Work instruction
A faithful copy of the data, pictures omitted, is the required answer.

Data shown
=== Begin Enclosure ===

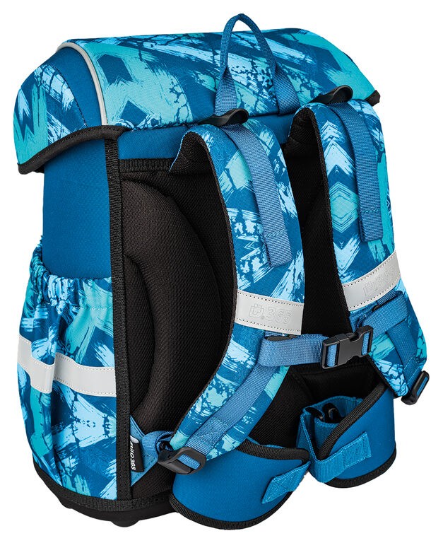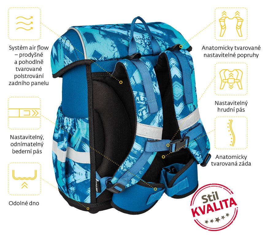 Výškově nastavitelný hrudní a nově i odnímatelný bederní pás s kvalitní přezkou zajistí pohodlné usazení aktovky na zádech dítěte i správné rozložení váhy
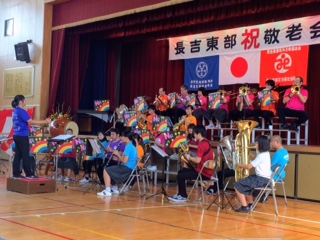 「笑点のテーマ」「やっぱ好きやねん」「吉本新喜劇のテーマ」、アンコールの「八木節ロック」と敬老会メニューで熱演しました。
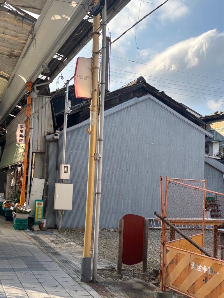 (駅前長野商店街で、一本だけオレンジではなくつまようじ色した柱がある)
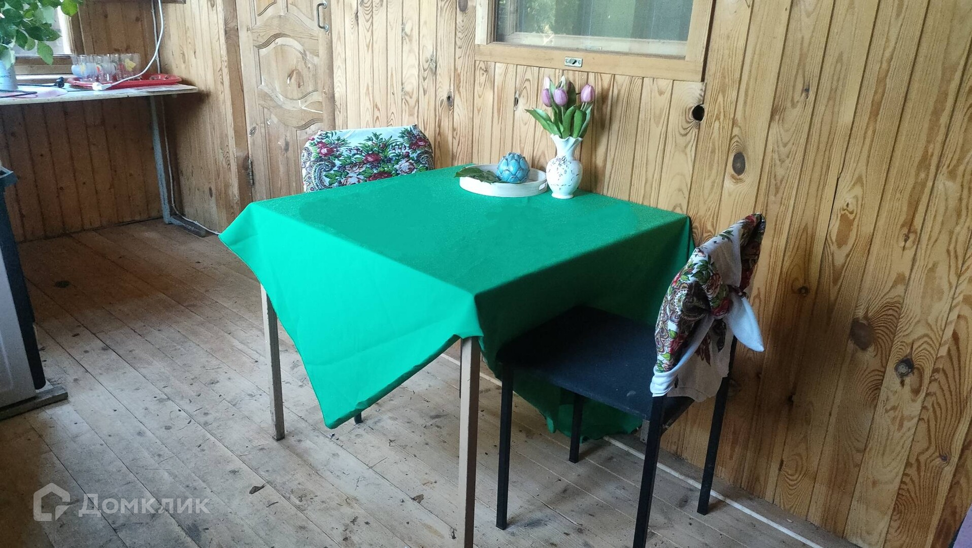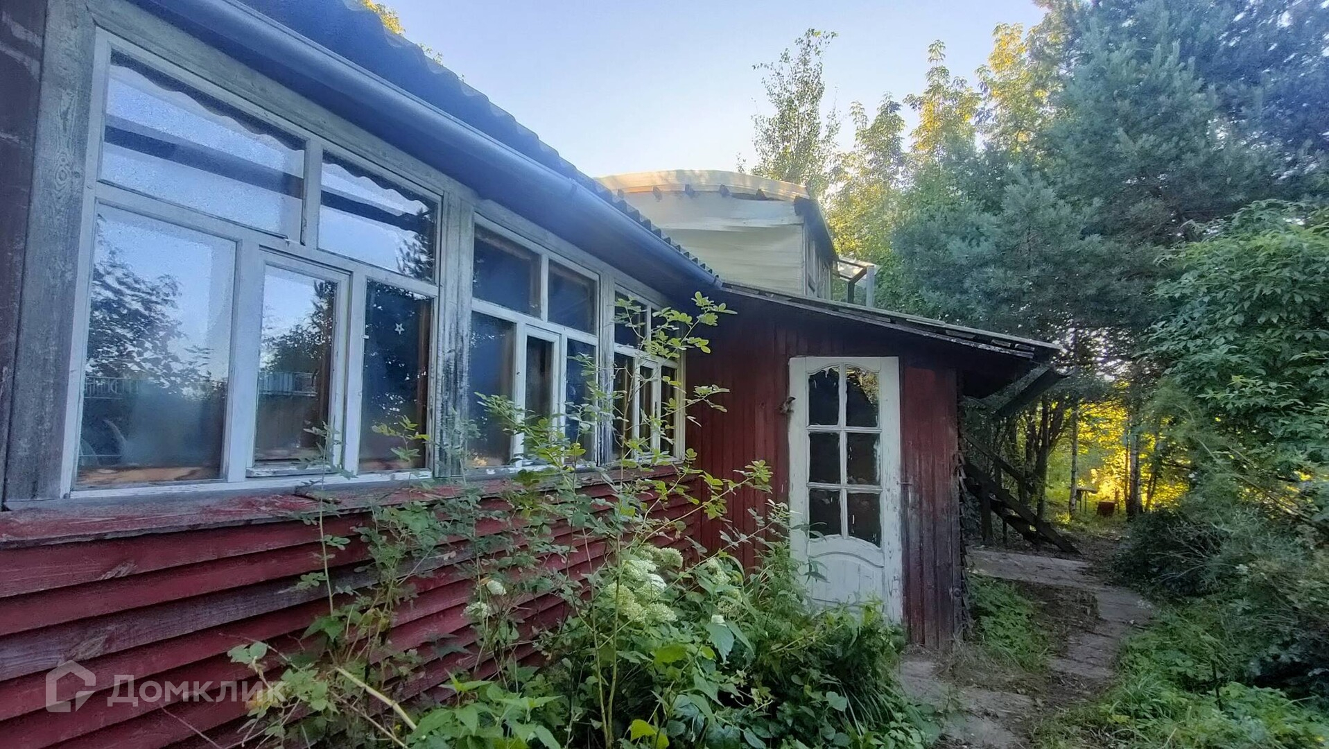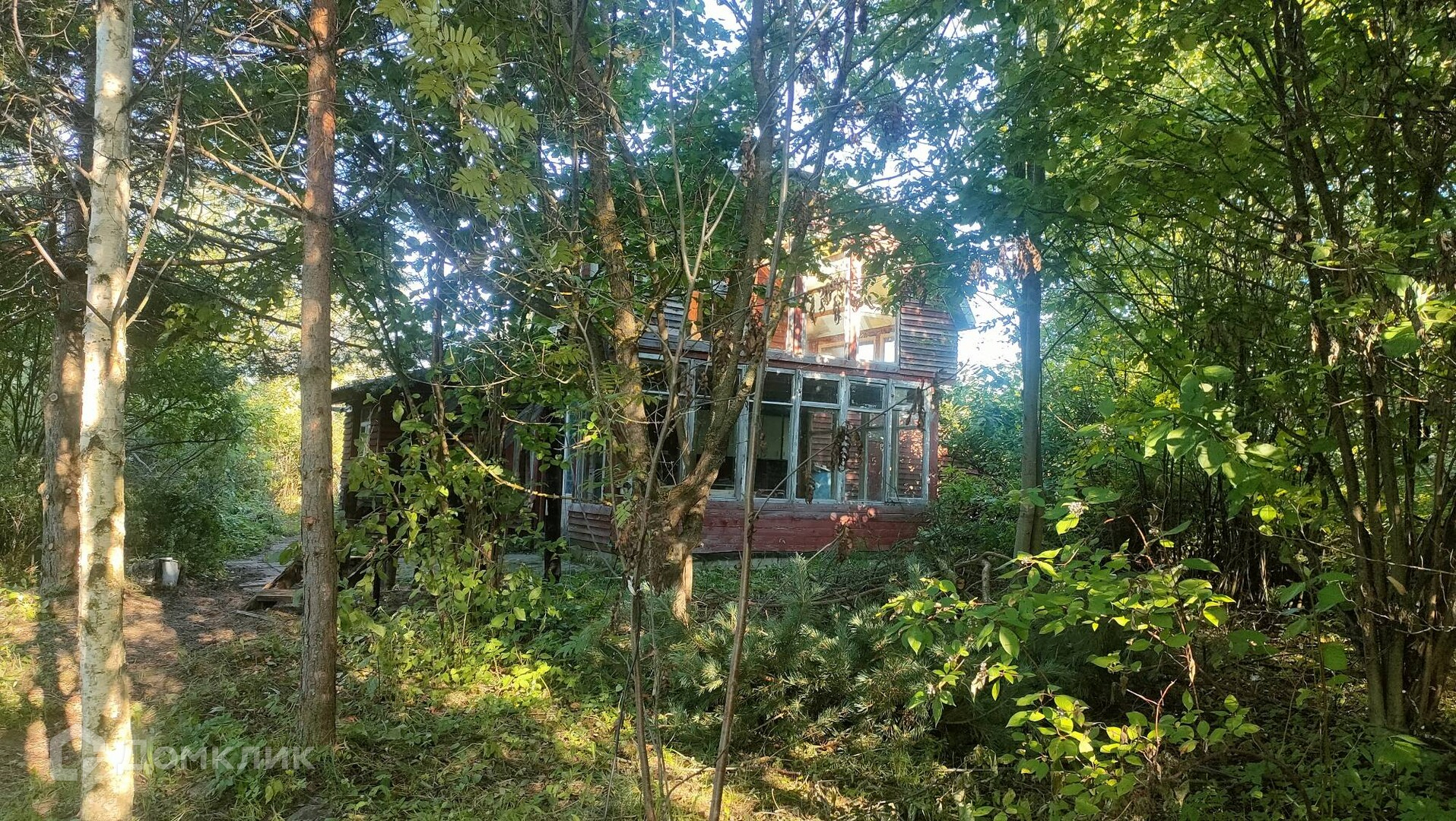 На участке расположен теплый каркасный дом с печью, баня, дровник, теплица. К дому пристроена летняя кухня, а над ней стеклянная пристройка, типа зимнего сада.

=== End Enclosure ===

Problem solution
 Výškově nastavitelný hrudní a nově i odnímatelný bederní pás s kvalitní přezkou zajistí pohodlné usazení aktovky na zádech dítěte i správné rozložení váhy
 「笑点のテーマ」「やっぱ好きやねん」「吉本新喜劇のテーマ」、アンコールの「八木節ロック」と敬老会メニューで熱演しました。
 (駅前長野商店街で、一本だけオレンジではなくつまようじ色した柱がある)
 На участке расположен теплый каркасный дом с печью, баня, дровник, теплица. К дому пристроена летняя кухня, а над ней стеклянная пристройка, типа зимнего сада.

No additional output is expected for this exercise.